Yvonne Arnaud Theatre, Guildford – until 18 May 2019
Reviewed by Antonia Hebbert
3 ***
It was hard to get into this play to begin with. There’s a devout mother, Luda, chopping onions and talking to God. She has three daughters, factory worker Tina, schoolgirl Francesca, and Vita, who is shut up in a convent for reasons that are obscure to begin with. They’re an Italian migrant family, living in Brooklyn in 1960. They’re all struggling in different ways, but you wonder how these different threads are going to be pulled together. Then Nic, the father of the family appears and suddenly the play hits a different stride.
He is played by Robert Cavanah, who is positively alarming as a man who expresses his unhappiness as cruelty to his family. The sense of rage just under the surface (and sometimes exploding) sets the drama alight. All the other actors seem to respond to this and become more three-dimensional as we see just how hard it is to stand up to someone so manipulative. He regrets having left Naples for New York, and his misery is holding back the rest of the family. Madeleine Worrall is convincing as Luda, the wife and mother with torn loyalties. Georgia May Foote sparkles as Vita, the daughter who has ended up in a convent with broken bones. Hannah Bristow (Francesca) and Laurie Ogden are sweet (maybe too sweet) as the teenage friends who want to run away together, and Bristow comes into her own when she finally lets rip. The growing friendship between Tina (Mona Goodwin) and her workmate Celia (Gloria Onitiri) is very well conveyed. Stephen Hogan is charming and kindly as the shopkeeper who offers Luda kindness and a possible way out.
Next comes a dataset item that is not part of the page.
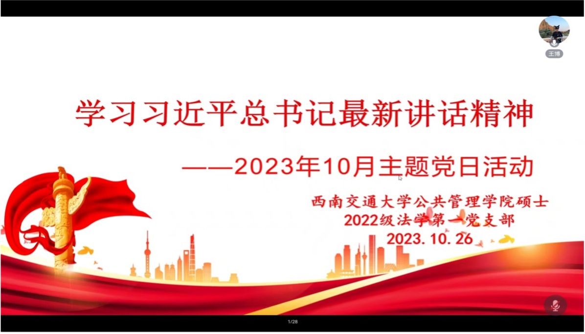 2023年10月26日19:30,MK体育硕士2022级法学第一党支部以腾讯会议的形式开展了“学习习近平总书记最新讲话精神”主题党日活动。本次学习由第三党小组同志主讲,全体党员和入党积极分子参加。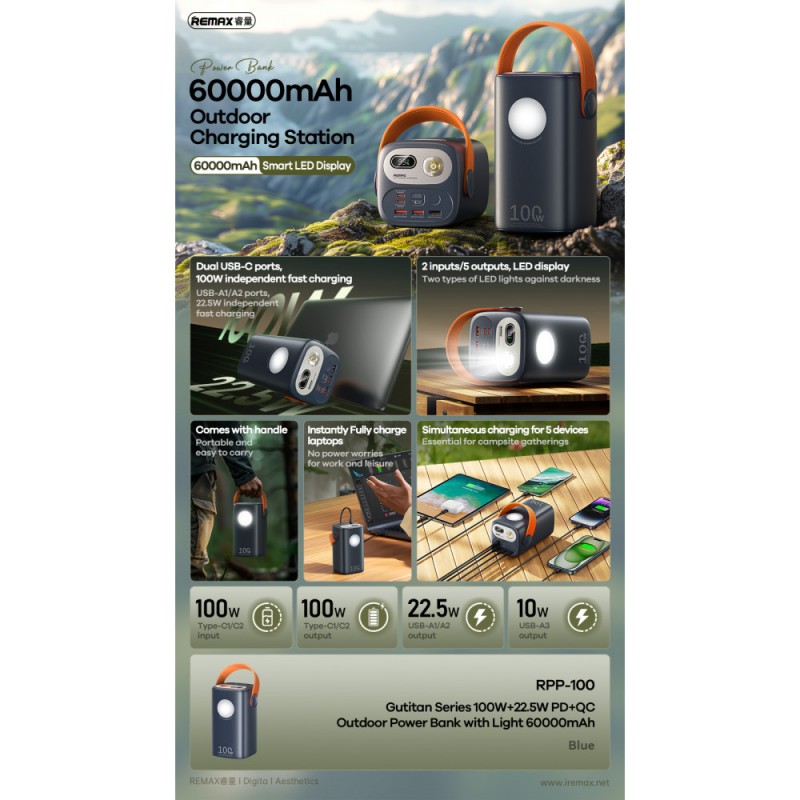 Power Bank Remax RPP-100 - це потужний та багатофункціональний зовнішній акумулятор з ємністю 60000 mAh та потужністю 100W, здатний заряджати не лише мобільні пристрої, а й ноутбуки. Модель оснащена інтелектуальною системою управління напругою, що забезпечує швидку та безпечну зарядку для всіх ваших гаджетів. Завдяки трьом USB портам та двом універсальним роз'ємам Type-C, ви зможете без зусиль підключати кілька пристроїв одночасно.

The pivotal moment of the play is a plane falling out of the sky, which really did happen in Brooklyn in December 1960. Playwright Meghan Kennedy remembers her mother talking about the event, and has based the play around it, and her family’s struggle to survive as immigrants. It feels authentic. There’s an appealing, very simple set of kitchen table and bed, which tips up to become a backdrop for factory and outdoor scenes. (They could maybe have tried a bit harder with the factory – I got distracted by the inefficiency of loading a cardboard box on a chair). After slightly wobbly start, this became a very intense, moving and absorbing drama.